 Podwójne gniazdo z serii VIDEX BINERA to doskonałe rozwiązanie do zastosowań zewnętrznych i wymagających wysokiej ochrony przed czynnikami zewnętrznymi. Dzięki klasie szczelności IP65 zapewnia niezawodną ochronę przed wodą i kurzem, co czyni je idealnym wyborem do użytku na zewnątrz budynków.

^^^^^^^^^^^^^^^^

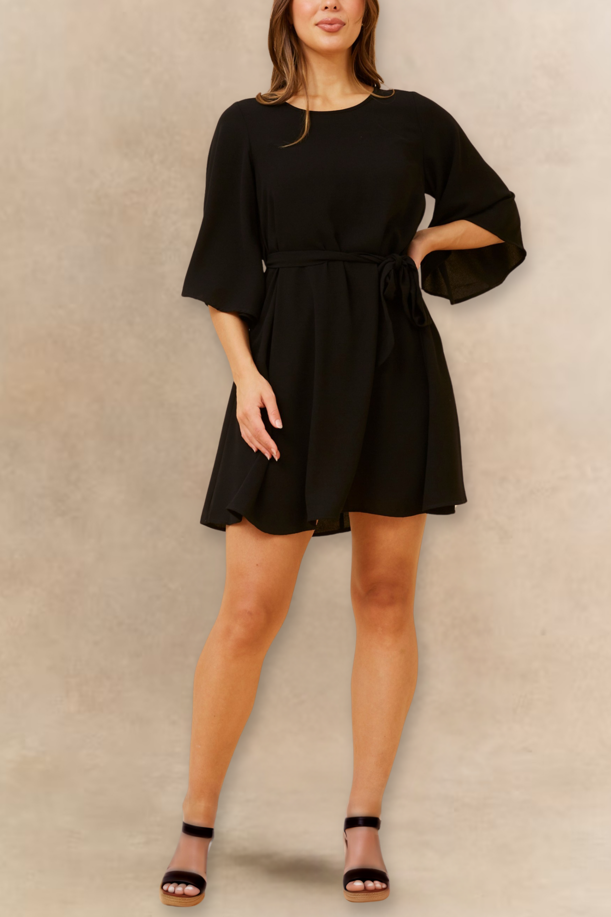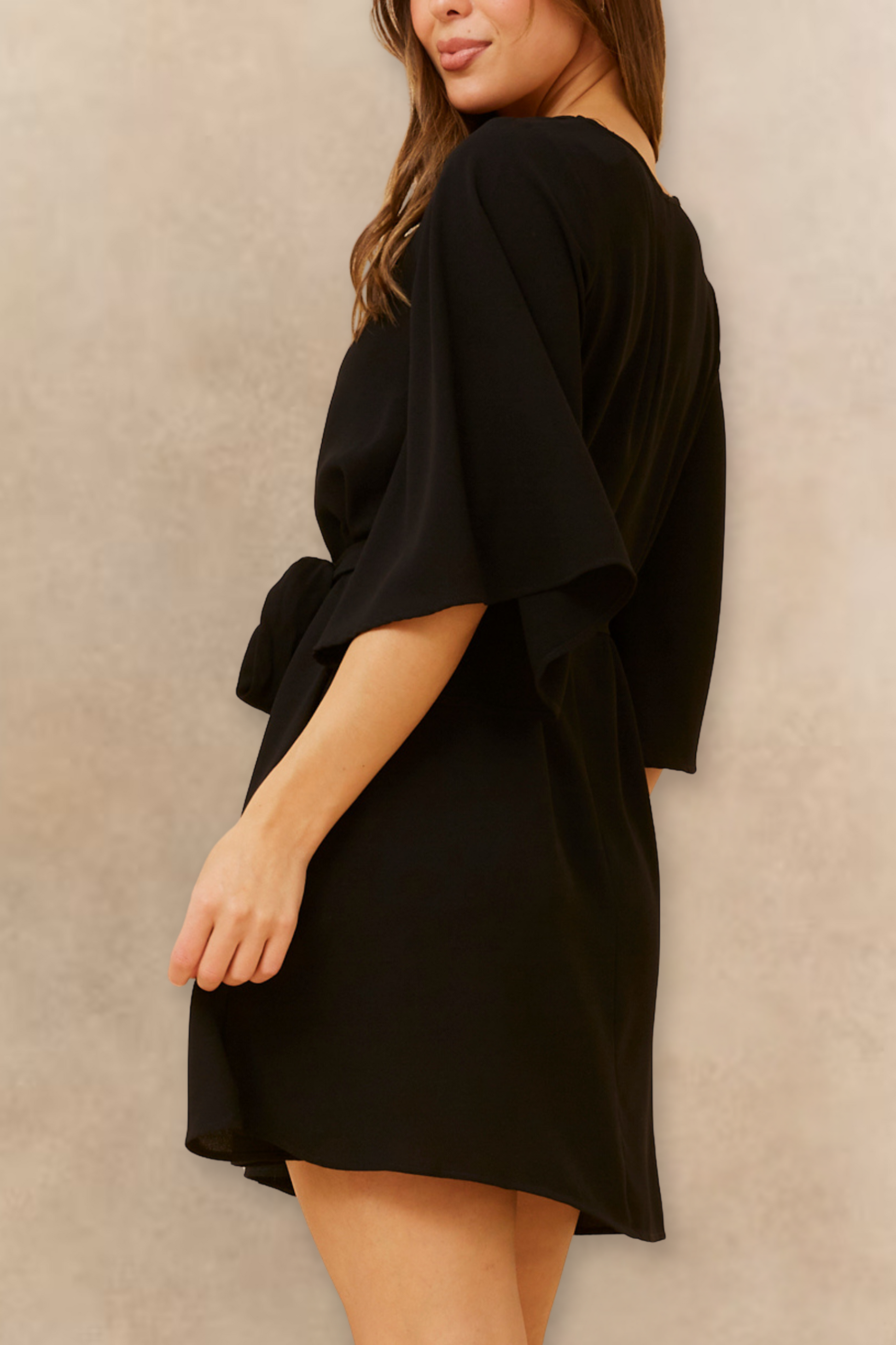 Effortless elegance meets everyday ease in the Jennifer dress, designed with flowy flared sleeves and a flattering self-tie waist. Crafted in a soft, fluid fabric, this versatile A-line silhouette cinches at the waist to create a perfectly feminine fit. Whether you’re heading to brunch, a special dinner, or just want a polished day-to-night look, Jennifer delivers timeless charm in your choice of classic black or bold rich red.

^^^^^^^^^^^^^^^^

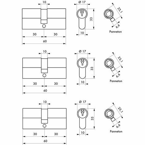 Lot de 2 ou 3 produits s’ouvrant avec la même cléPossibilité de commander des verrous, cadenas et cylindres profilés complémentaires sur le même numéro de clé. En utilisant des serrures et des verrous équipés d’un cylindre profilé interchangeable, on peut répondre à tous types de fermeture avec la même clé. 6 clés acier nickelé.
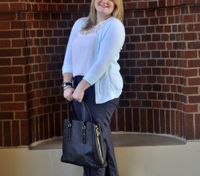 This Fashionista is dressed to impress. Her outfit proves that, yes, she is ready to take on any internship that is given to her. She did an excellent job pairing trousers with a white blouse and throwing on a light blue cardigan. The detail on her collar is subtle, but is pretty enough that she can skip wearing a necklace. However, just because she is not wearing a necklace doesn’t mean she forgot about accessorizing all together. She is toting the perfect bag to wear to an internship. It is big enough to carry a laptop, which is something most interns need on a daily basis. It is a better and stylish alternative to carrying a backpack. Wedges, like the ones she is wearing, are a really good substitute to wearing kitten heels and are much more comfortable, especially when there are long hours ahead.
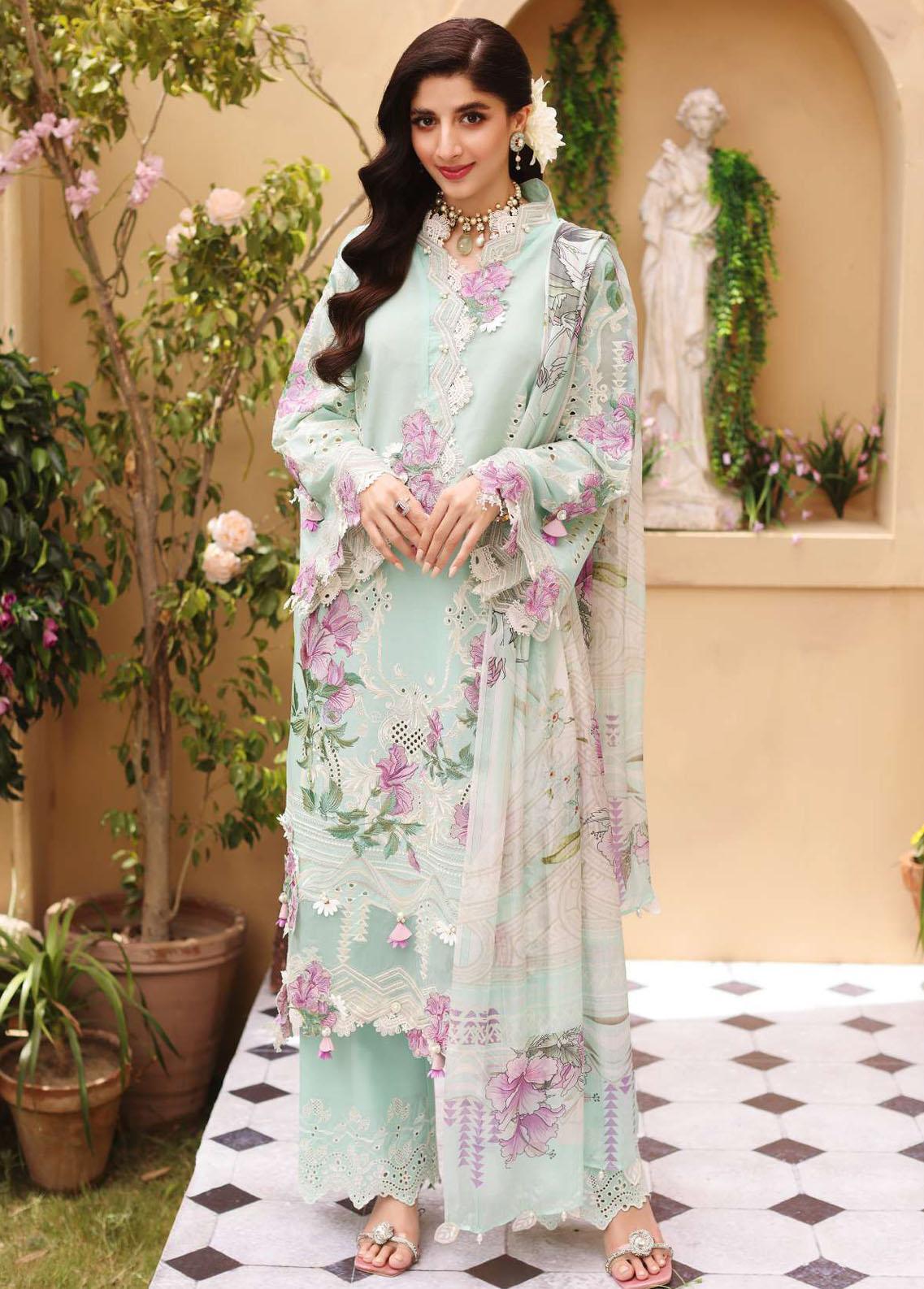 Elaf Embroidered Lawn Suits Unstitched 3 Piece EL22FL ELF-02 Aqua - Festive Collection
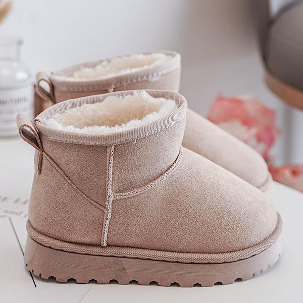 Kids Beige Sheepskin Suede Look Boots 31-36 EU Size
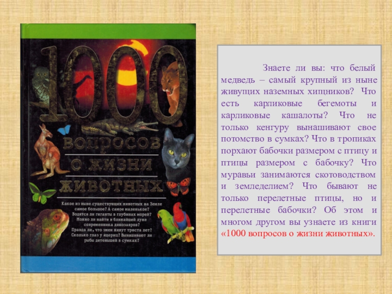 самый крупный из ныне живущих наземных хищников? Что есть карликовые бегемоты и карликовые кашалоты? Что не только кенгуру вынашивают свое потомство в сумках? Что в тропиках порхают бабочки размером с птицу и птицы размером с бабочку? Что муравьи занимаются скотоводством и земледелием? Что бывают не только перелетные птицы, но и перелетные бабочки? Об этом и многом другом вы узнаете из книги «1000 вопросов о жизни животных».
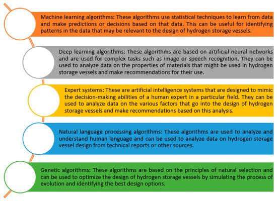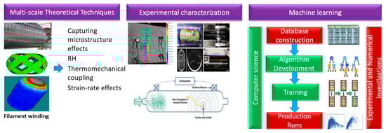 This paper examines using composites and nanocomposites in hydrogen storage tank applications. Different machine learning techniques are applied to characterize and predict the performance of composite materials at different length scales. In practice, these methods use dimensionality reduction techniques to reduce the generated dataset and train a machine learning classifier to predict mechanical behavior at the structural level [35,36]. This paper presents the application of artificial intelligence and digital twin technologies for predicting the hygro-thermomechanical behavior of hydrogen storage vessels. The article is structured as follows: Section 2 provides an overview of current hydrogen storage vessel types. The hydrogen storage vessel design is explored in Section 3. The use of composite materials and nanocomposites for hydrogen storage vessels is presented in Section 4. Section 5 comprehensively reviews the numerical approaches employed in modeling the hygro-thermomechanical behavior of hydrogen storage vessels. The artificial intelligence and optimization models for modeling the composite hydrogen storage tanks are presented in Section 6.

^^^^^^^^^^^^^^^^

— Exercise directions —
Using the data above, retype exactly and only the lines from the one containing "Elaf Embroidered Lawn" up to and including the one containing "This paper examines", with no pictures carried over.

— Answer space —
 Elaf Embroidered Lawn Suits Unstitched 3 Piece EL22FL ELF-02 Aqua - Festive Collection
 Kids Beige Sheepskin Suede Look Boots 31-36 EU Size
 самый крупный из ныне живущих наземных хищников? Что есть карликовые бегемоты и карликовые кашалоты? Что не только кенгуру вынашивают свое потомство в сумках? Что в тропиках порхают бабочки размером с птицу и птицы размером с бабочку? Что муравьи занимаются скотоводством и земледелием? Что бывают не только перелетные птицы, но и перелетные бабочки? Об этом и многом другом вы узнаете из книги «1000 вопросов о жизни животных».
 This paper examines using composites and nanocomposites in hydrogen storage tank applications. Different machine learning techniques are applied to characterize and predict the performance of composite materials at different length scales. In practice, these methods use dimensionality reduction techniques to reduce the generated dataset and train a machine learning classifier to predict mechanical behavior at the structural level [35,36]. This paper presents the application of artificial intelligence and digital twin technologies for predicting the hygro-thermomechanical behavior of hydrogen storage vessels. The article is structured as follows: Section 2 provides an overview of current hydrogen storage vessel types. The hydrogen storage vessel design is explored in Section 3. The use of composite materials and nanocomposites for hydrogen storage vessels is presented in Section 4. Section 5 comprehensively reviews the numerical approaches employed in modeling the hygro-thermomechanical behavior of hydrogen storage vessels. The artificial intelligence and optimization models for modeling the composite hydrogen storage tanks are presented in Section 6.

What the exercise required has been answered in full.